» Your instructions
Please set down only the lines below starting with the line with "2015 \ Coal, fabric, flock, pigment, resin" and going on through the line with "Un très bon moment", verbatim and without pictures.

Records from a data collection:
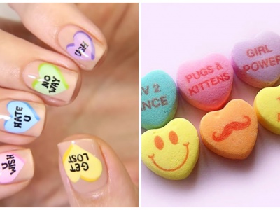 Симпатичный маникюр ко Дню Святого Валентина - конфетки Sweethearts
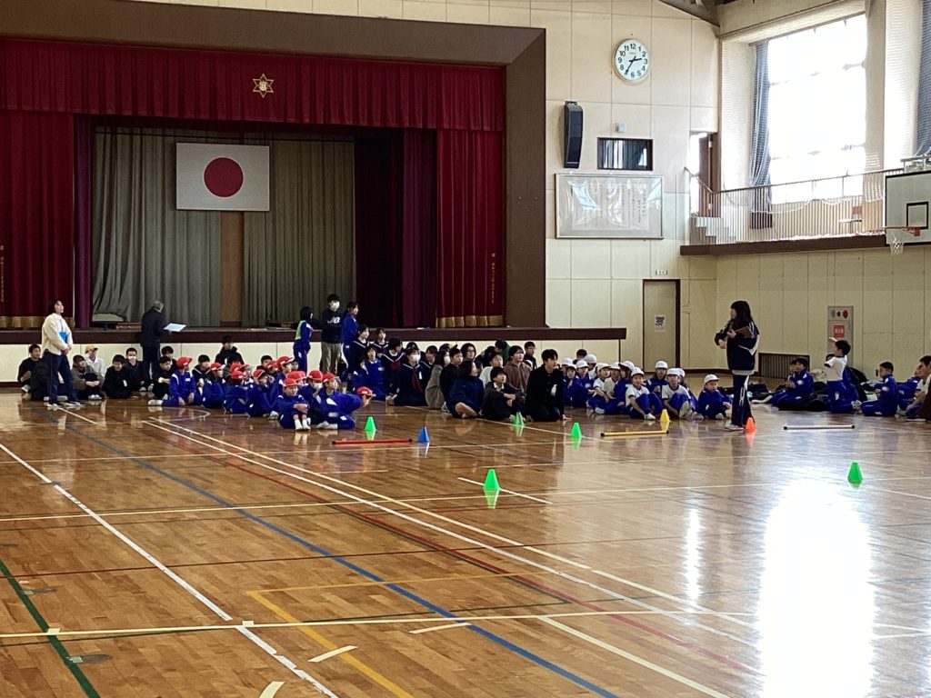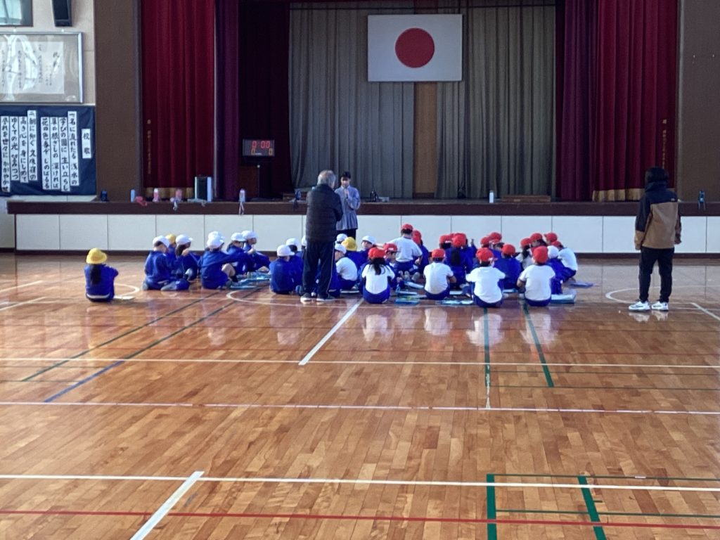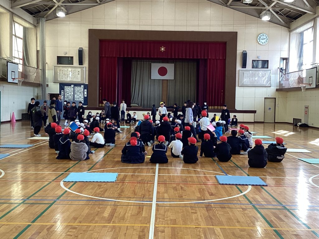 その後、声が聞こえてきたので、見に行くと、今週行われる「6年生にエールを送る会」のリハーサルを行っていました。下級生と6年生が楽しそうにふれあっています。下級生の考えたゲームを一緒に行います。6年生が嬉しそうにしていたのが印象的でした。着々と本番を迎える準備ができています。
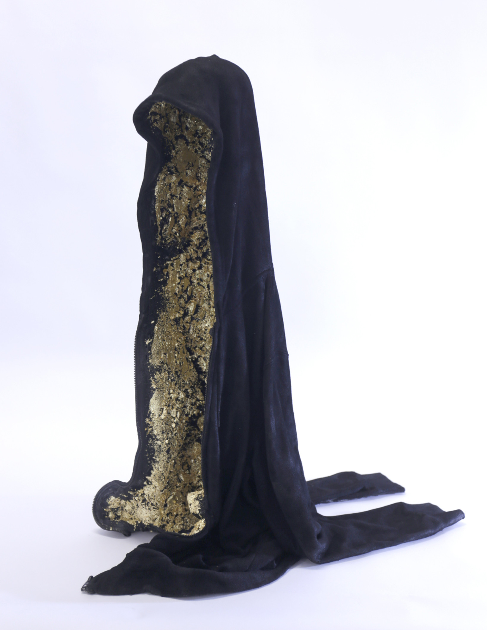 2015 \ Coal, fabric, flock, pigment, resin and gold leaf \ 81x37x68
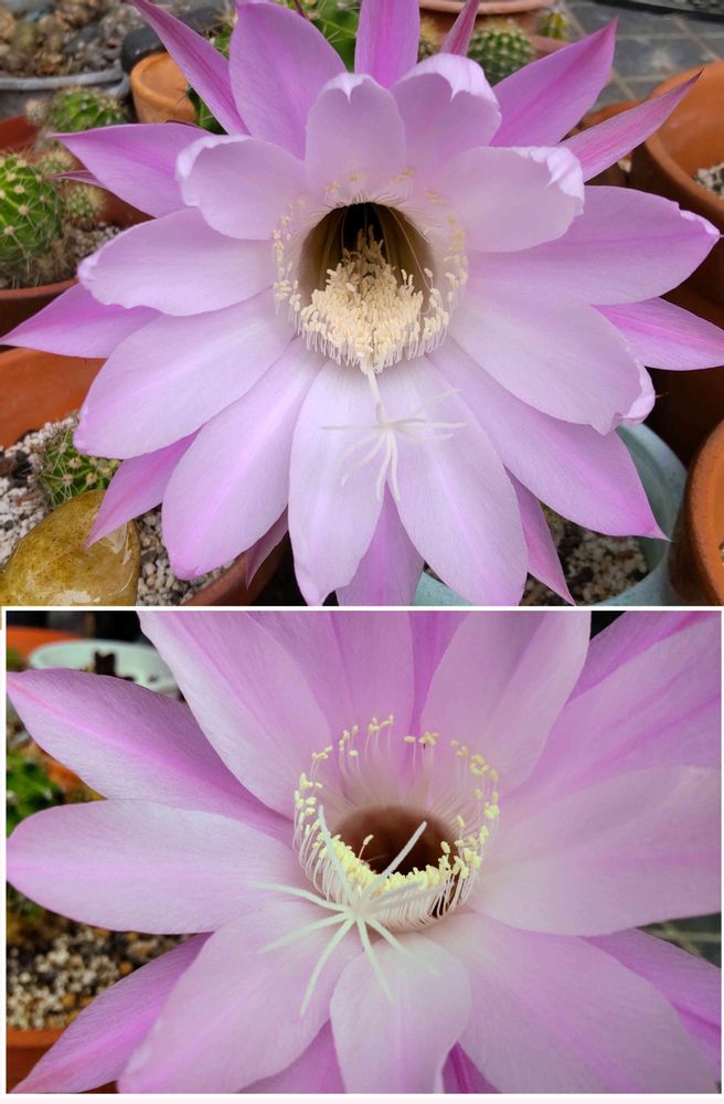 昨夜から開花が進んだ 私の大好きな🌸ラッパサボテンのお花 2鉢。
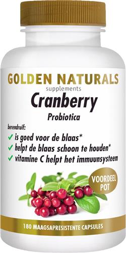 - Bij Bol.com kun je Golden Naturals Cranberry & Probiotica (180 veganistische maagsapresistente capsules) kopen voor de prijs van € 50,90. Dit is vandaag de goedkoopste webshop.
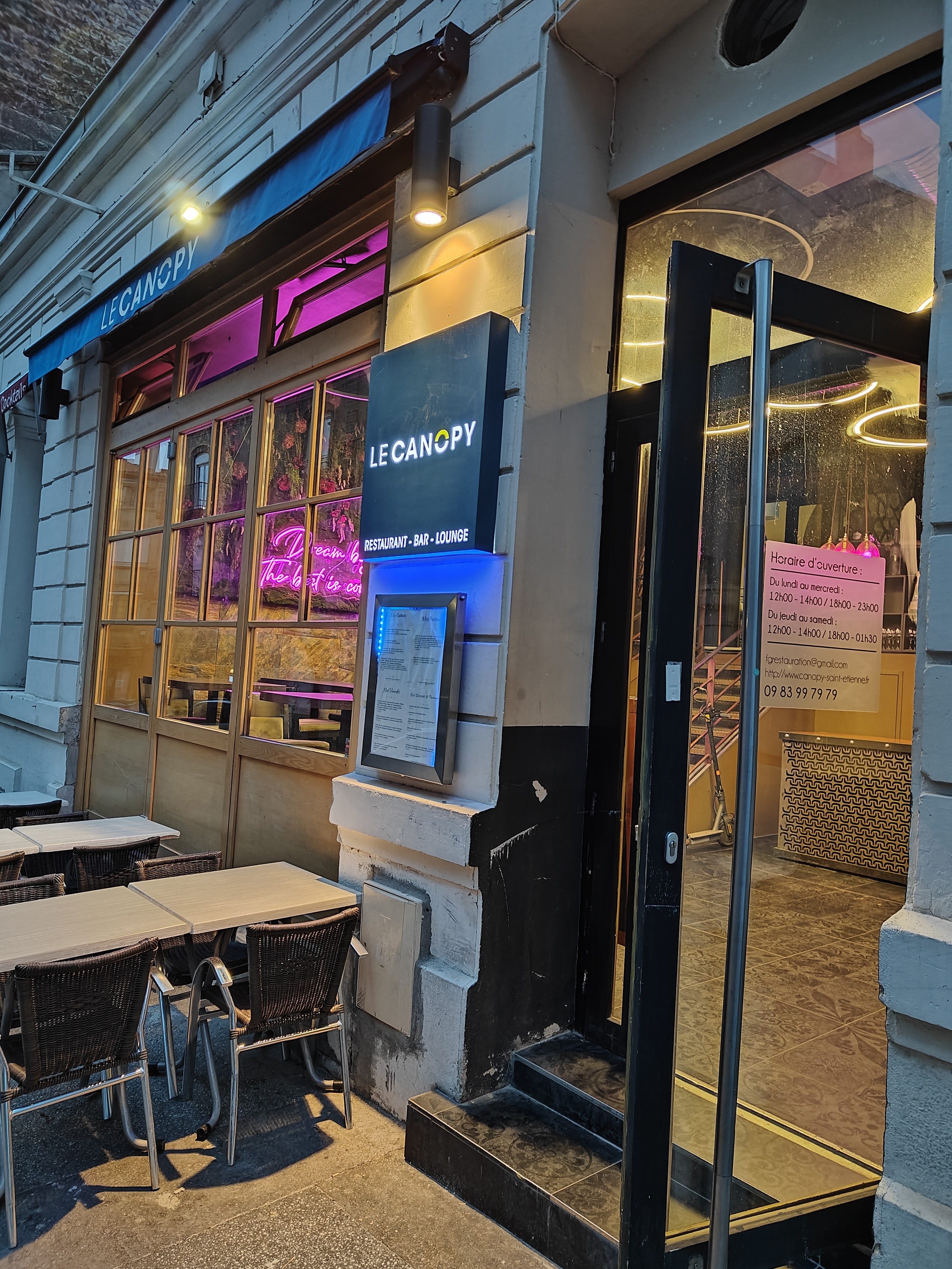 Un très bon moment passé au Canopy notamment grâce aux attentions et à la gentillesse du serveur. Merci à lui ainsi qu'à toute l'équipe. La nourriture était plutôt bonne. Je note les frites succulentes. Le décor était moderne et la rue est peu passante ce qui est agréable en terrasse. Néanmoins j'enlève une étoile car les cuissons des viandes n'étaient pas respectées. J'avais demandé bleu j ai eu bien cuit et mon copain pareil. Étant une grande amatrice de viande cet écart m'a déçu. Mais globalement un très bonne adresse avec une carte complète aux prix raisonnables. Merci.
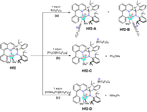 ������̽��ԓϵ�д��������C������������ͨ�^ԭλ�˴��c�ܶȷ�����Փ(DFT)Ӌ�������_�˴���Hf2�c�������Ļ�^�̣��D3�����Y����������Hf2�cB(C6F5)3�����r�������x���Ե�Ó��Hfԭ��������һ��������Hf2�c[Ph3C][B(C6F5)4]�����r���t���l�������x����Ó������Hf2�c[HNMe2Ph][B(C6F5)4]�����r���x���������B�ӵı�����ͨ�^�|�ӻ����Ô���Hf�CC(����)�I��
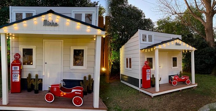 La casa de juegos es imponente, tiene una decoración con estilo vintage americano pocas veces vista, que incluye almohadones bordados y empapelados temáticos a pedido del pequeño en cuestión. Dependiendo los detalles, terminación y adicionales, el precio de las casas parte de los 200.000 pesos.
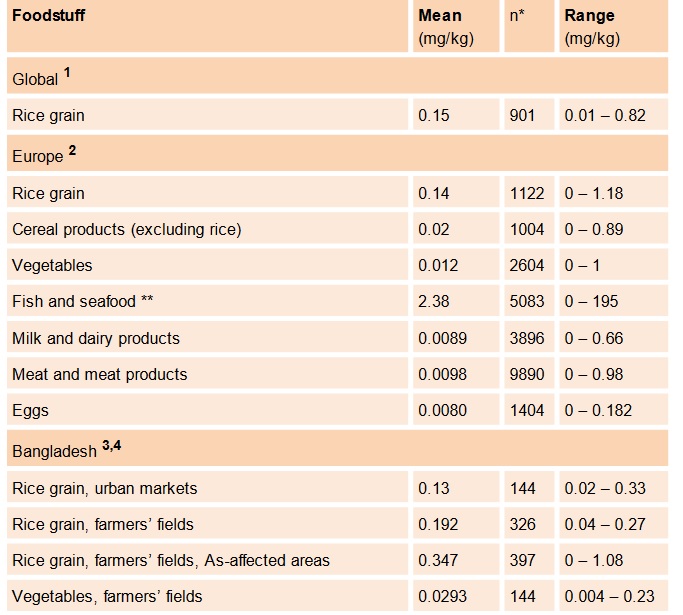 Human exposure to arsenic via food
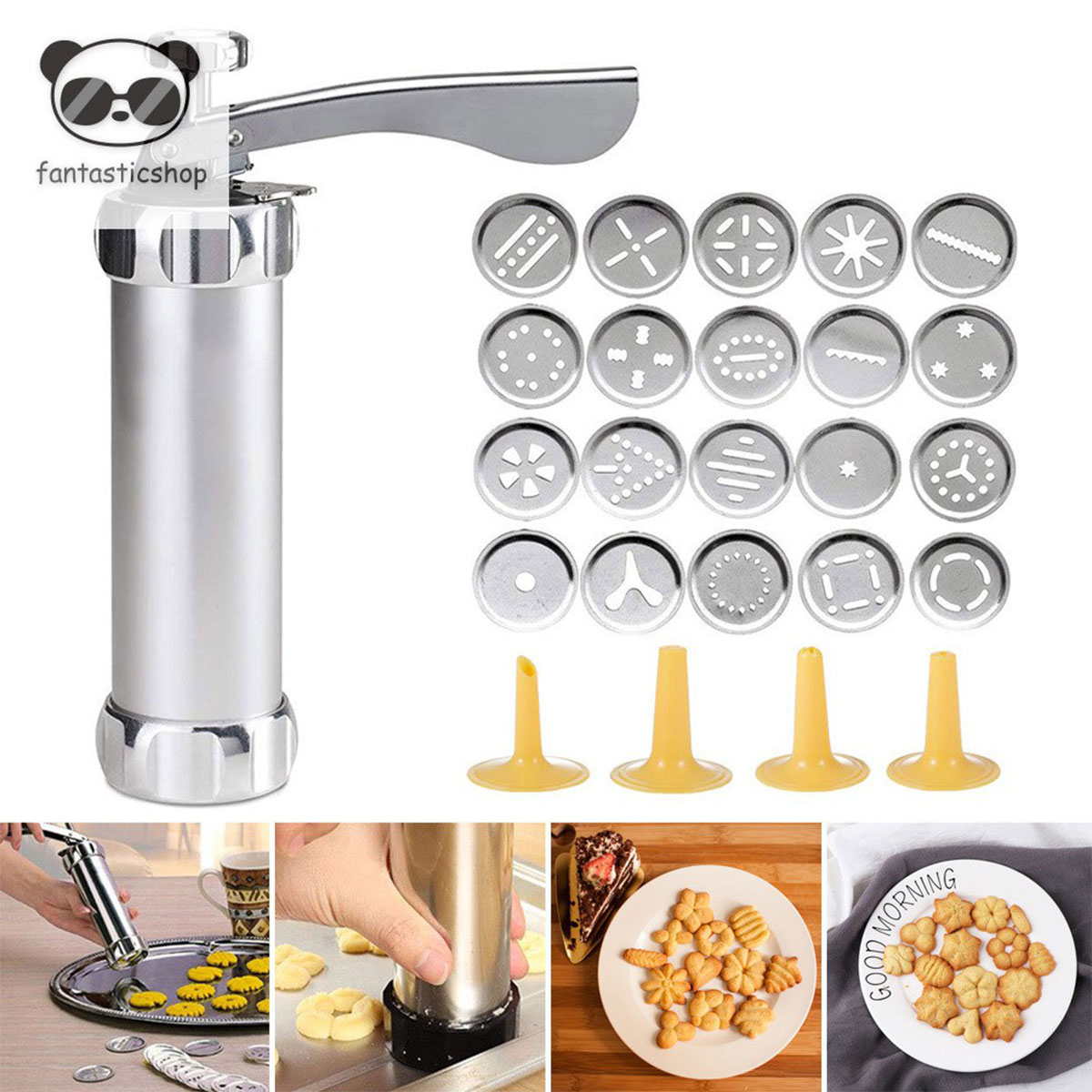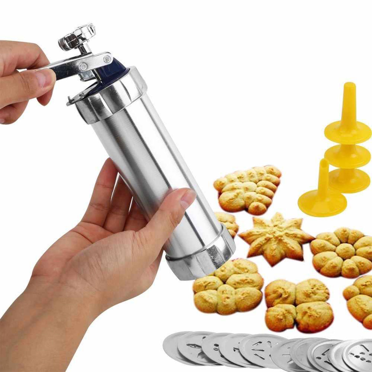 A cookie press is a device for making pressed cookies such as spritzed back. It consists of a cylinder with a plunger on one end, which is used to extrude cookie dough through a small hole at the other end. Typically the cookie press has interchangeable perforated plates with holes in different shapes, such as a star shape or a narrow slit to extrude the dough in ribbons. Have twenty types of biscuits and four nozzles for decorating cakes.
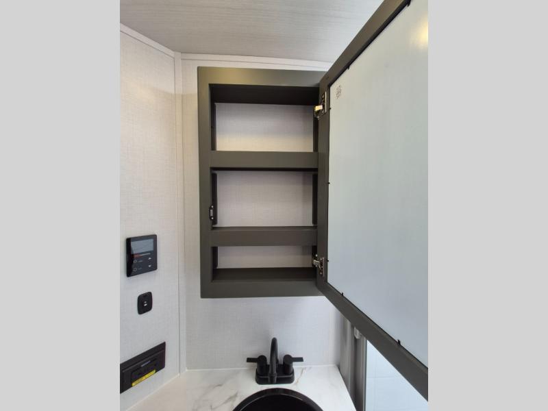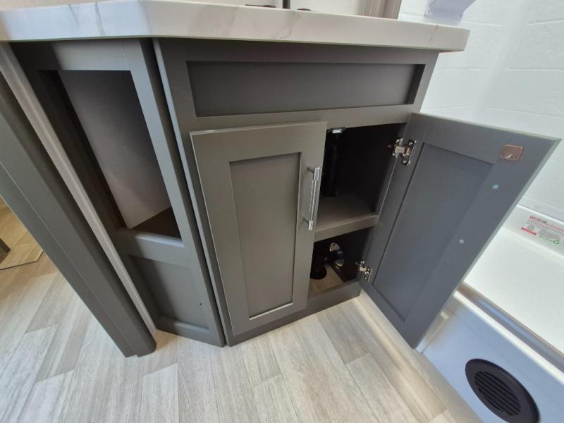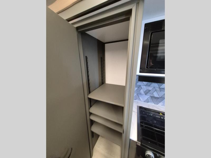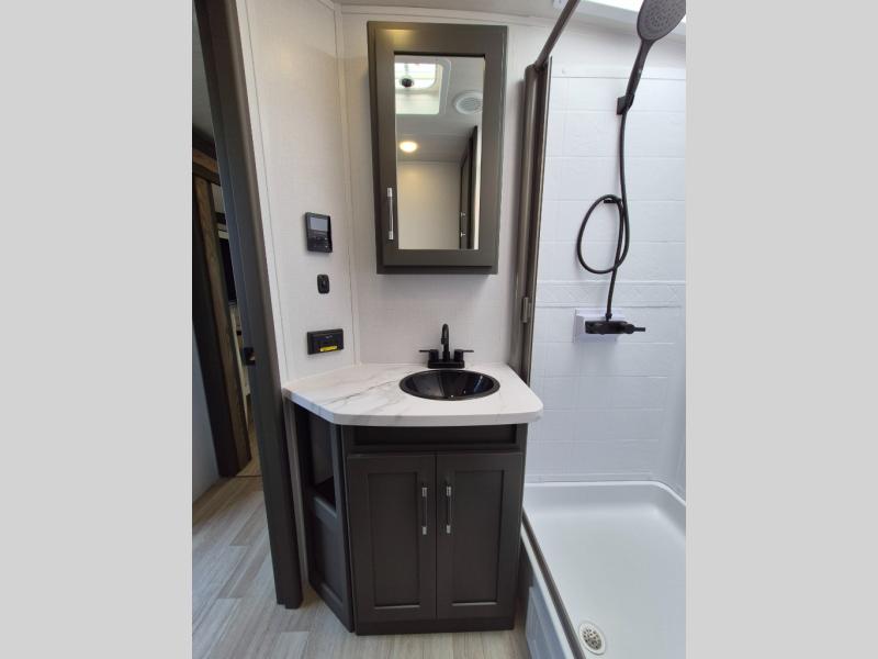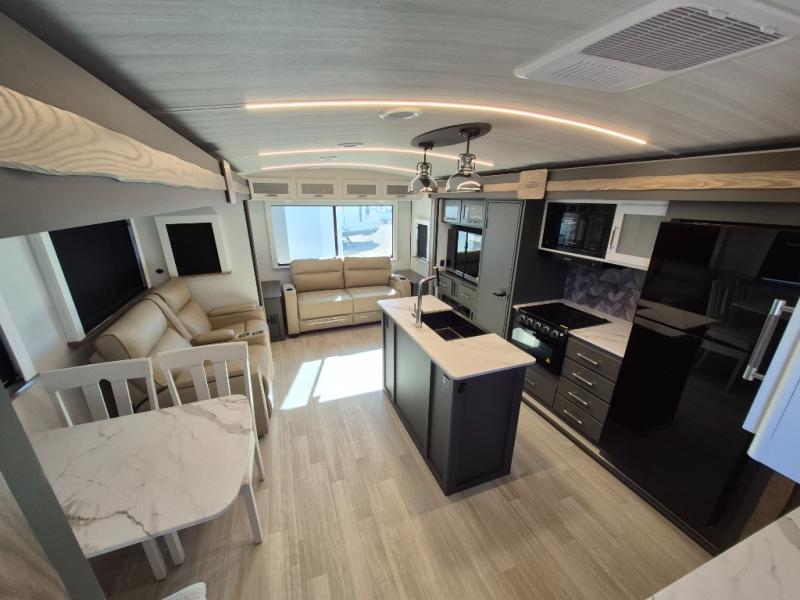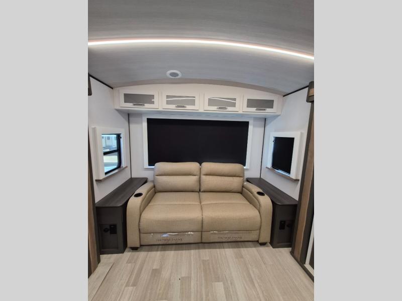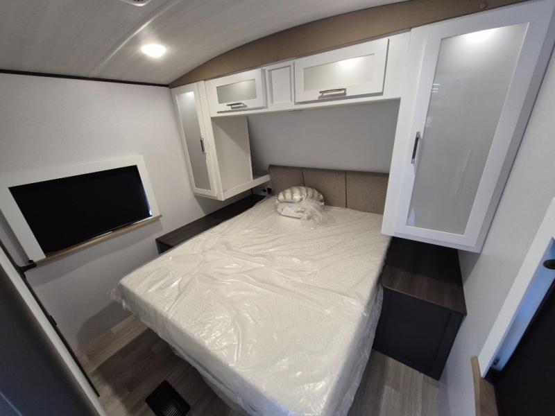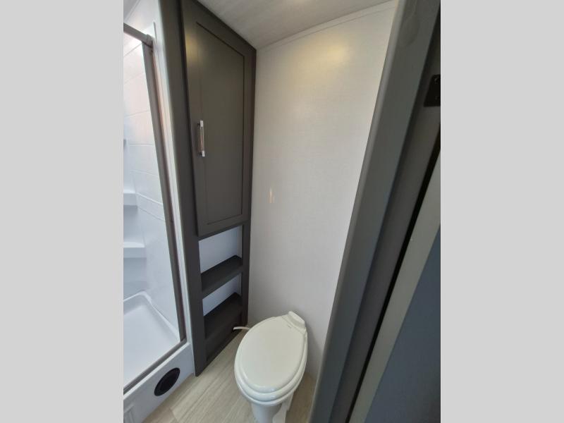 Weekend trips to the campground are made easy in this travel trailer! There are dual opposing slides in the combined kitchen and living area to provide you with ample space to stretch out. A kitchen island will come in handy when prepping meals, plus you'll have all the appliances needed to cook them. You will find comfortable seating on the rear tri-fold sofa sleeper, Do-More dinette table, and theater seats across from the entertainment center and fireplace. When you're ready to call it a night, the front private bedroom with a queen bed will be calling your name, and the full bath onboard will let you freshen up each day!

» Result of the task
 2015 \ Coal, fabric, flock, pigment, resin and gold leaf \ 81x37x68
 昨夜から開花が進んだ 私の大好きな🌸ラッパサボテンのお花 2鉢。
 - Bij Bol.com kun je Golden Naturals Cranberry & Probiotica (180 veganistische maagsapresistente capsules) kopen voor de prijs van € 50,90. Dit is vandaag de goedkoopste webshop.
 Un très bon moment passé au Canopy notamment grâce aux attentions et à la gentillesse du serveur. Merci à lui ainsi qu'à toute l'équipe. La nourriture était plutôt bonne. Je note les frites succulentes. Le décor était moderne et la rue est peu passante ce qui est agréable en terrasse. Néanmoins j'enlève une étoile car les cuissons des viandes n'étaient pas respectées. J'avais demandé bleu j ai eu bien cuit et mon copain pareil. Étant une grande amatrice de viande cet écart m'a déçu. Mais globalement un très bonne adresse avec une carte complète aux prix raisonnables. Merci.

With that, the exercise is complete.